Unnamed: 0_level_0,Unnamed: 1_level_0,video,playback position,paused,volume
time,user,Unnamed: 2_level_1,Unnamed: 3_level_1,Unnamed: 4_level_1,Unnamed: 5_level_1
1469974424,cheryl,intro.html,5,False,10.0
1469974424,sue,advanced.html,23,False,10.0
1469974454,cheryl,intro.html,6,False,10.0
1469974454,sue,advanced.html,24,False,10.0
1469974484,cheryl,intro.html,7,False,10.0


**Customised `replace()`**:

We can also do customised fill-in to replace values using the `replace()` function. It allows replacement from several approaches:

* Value-to-Value
* List
* Dictionary
* Regex

In [13]:
# A simple example for Value-to-Value
df = pd.DataFrame({'A': [1, 1, 2, 3, 4],
                   'B': [3, 6, 3, 8, 9],
                   'C': ['a', 'b', 'c', 'd', 'e']})

df

Unnamed: 0,A,B,C
0,1,3,a
1,1,6,b
2,2,3,c
3,3,8,d
4,4,9,e


In [14]:
# Replacing 1s with 100s
df.replace(1, 100)

Unnamed: 0,A,B,C
0,100,3,a
1,100,6,b
2,2,3,c
3,3,8,d
4,4,9,e


In [15]:
# Now using lists: 1s and 3s with 100s and 300s
df.replace([1, 3], [100, 300])

Unnamed: 0,A,B,C
0,100,300,a
1,100,6,b
2,2,300,c
3,300,8,d
4,4,9,e


Using the Regex approach for our logs dataset.

In [16]:
df = pd.read_csv('../resources/week-2/datasets/log.csv')
df.head(20)

Unnamed: 0,time,user,video,playback position,paused,volume
0,1469974424,cheryl,intro.html,5,False,10.0
1,1469974454,cheryl,intro.html,6,,
2,1469974544,cheryl,intro.html,9,,
3,1469974574,cheryl,intro.html,10,,
4,1469977514,bob,intro.html,1,,
5,1469977544,bob,intro.html,1,,
6,1469977574,bob,intro.html,1,,
7,1469977604,bob,intro.html,1,,
8,1469974604,cheryl,intro.html,11,,
9,1469974694,cheryl,intro.html,14,,


To replace using **regex**:

* First parameter is the regex parameter we want to match
* Second parameter is the value we want to emit upon match
* Third parameter is `regex=True`

What is the regex pattern to detect all 'html' pages in the `video` column and overwrite that with the keyword 'webpage'?

**R/**: `".*.html"`   (`".*"`: any number of characters, `".html$"`: ".html" is anchored to the end)

In [17]:
df.replace(to_replace='.*.html$', value='webpage', regex=True)

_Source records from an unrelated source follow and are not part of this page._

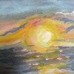 Słowa kluczowe: morze, morski, zachód, słońce, chmury, fale, żółty, niebieski, granat, różowy, ciepły, lato
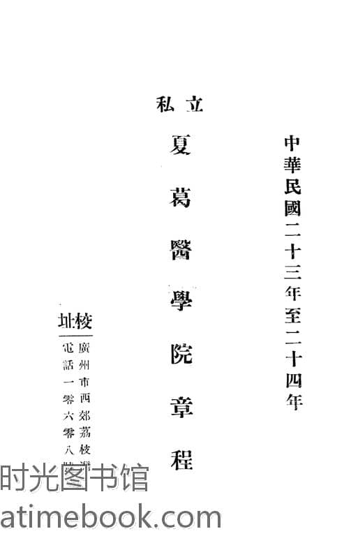 | 网盘路径:/时光图书馆珍藏系列/书籍文件/老图书/《私立夏葛医学院章程》电子版合集.db | ||
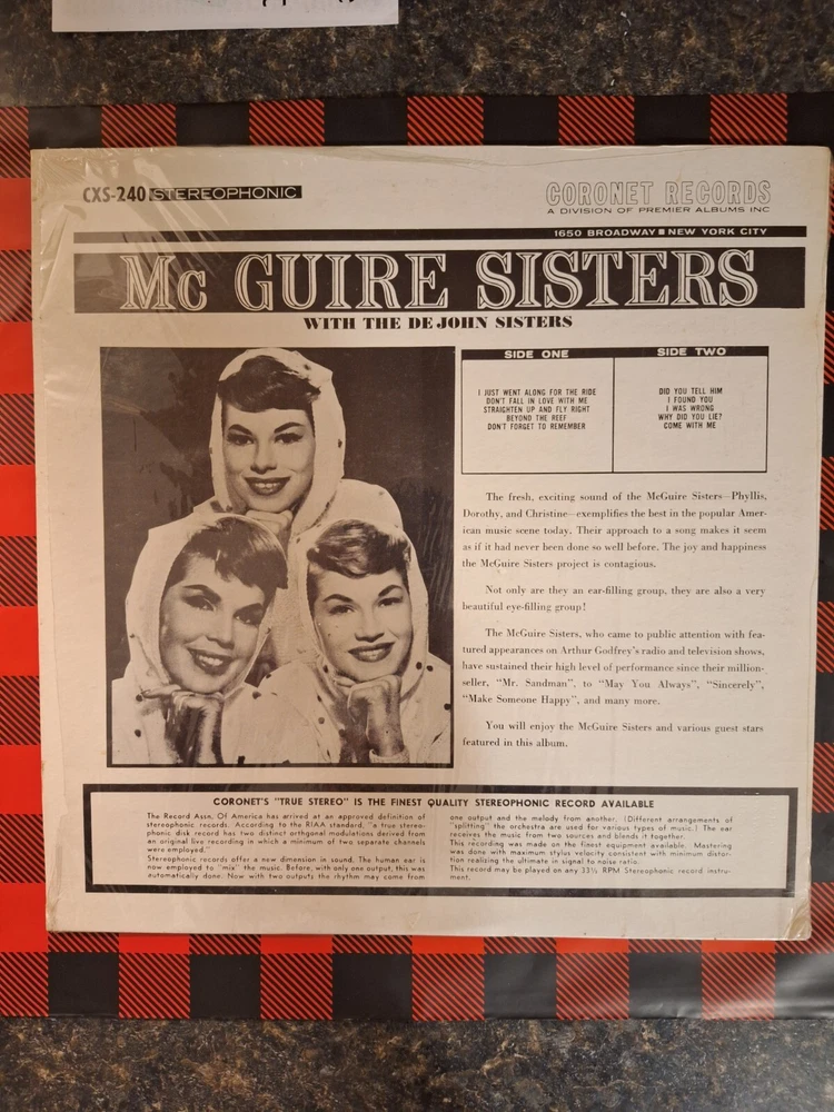 The Mcguire Sisters with The De John sisters Vinyl LP Coronet 1964 Open Shrink
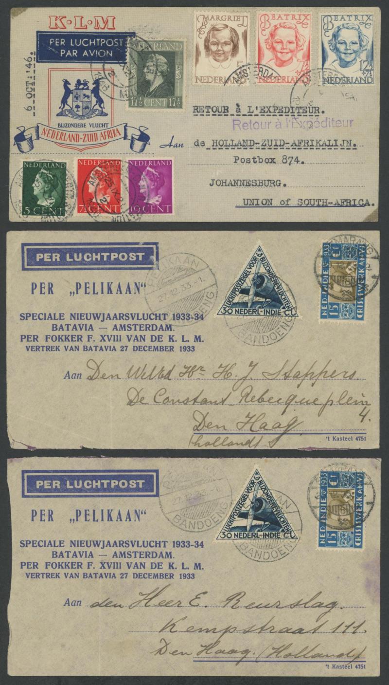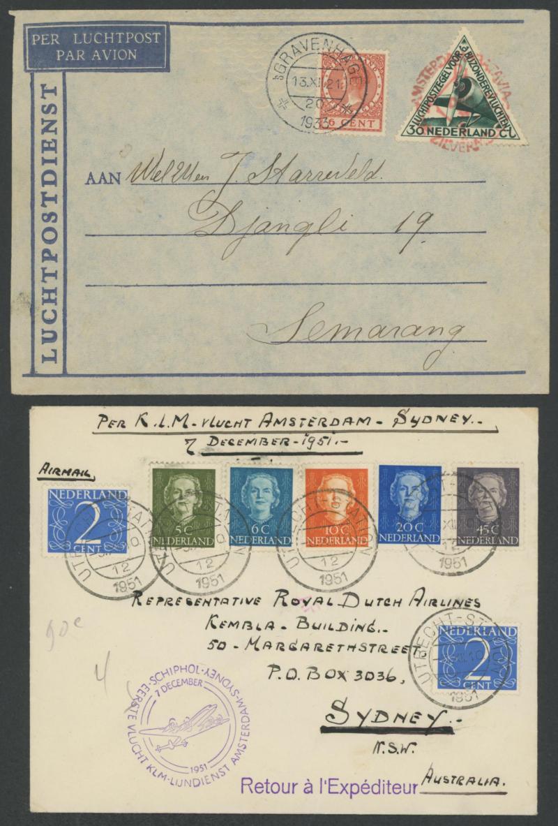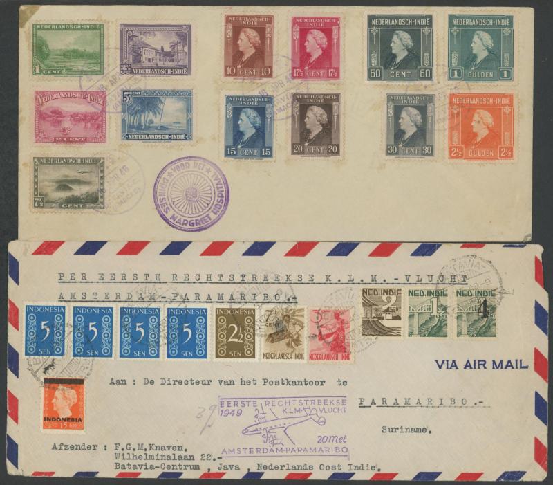 Anniversary & 20c Map and Netherlands Indies 3c Scenes (and another stamp removed), the other with Occupation 10c Temple x2 & Netherlands Indies 4c Dancer x2, also various flight covers, etc, condition generally fine to very fine except as noted.

Unnamed: 0,time,user,video,playback position,paused,volume
0,1469974424,cheryl,webpage,5,False,10.0
1,1469974454,cheryl,webpage,6,,
2,1469974544,cheryl,webpage,9,,
3,1469974574,cheryl,webpage,10,,
4,1469977514,bob,webpage,1,,
5,1469977544,bob,webpage,1,,
6,1469977574,bob,webpage,1,,
7,1469977604,bob,webpage,1,,
8,1469974604,cheryl,webpage,11,,
9,1469974694,cheryl,webpage,14,,


Finally, when using statistical functions on DataFrames, these functions typically **ignore missing values**. This is usually what you want, but you should be aware of the values that are being excluded: Why you have missing values?

Infering missing values might be unreasonable.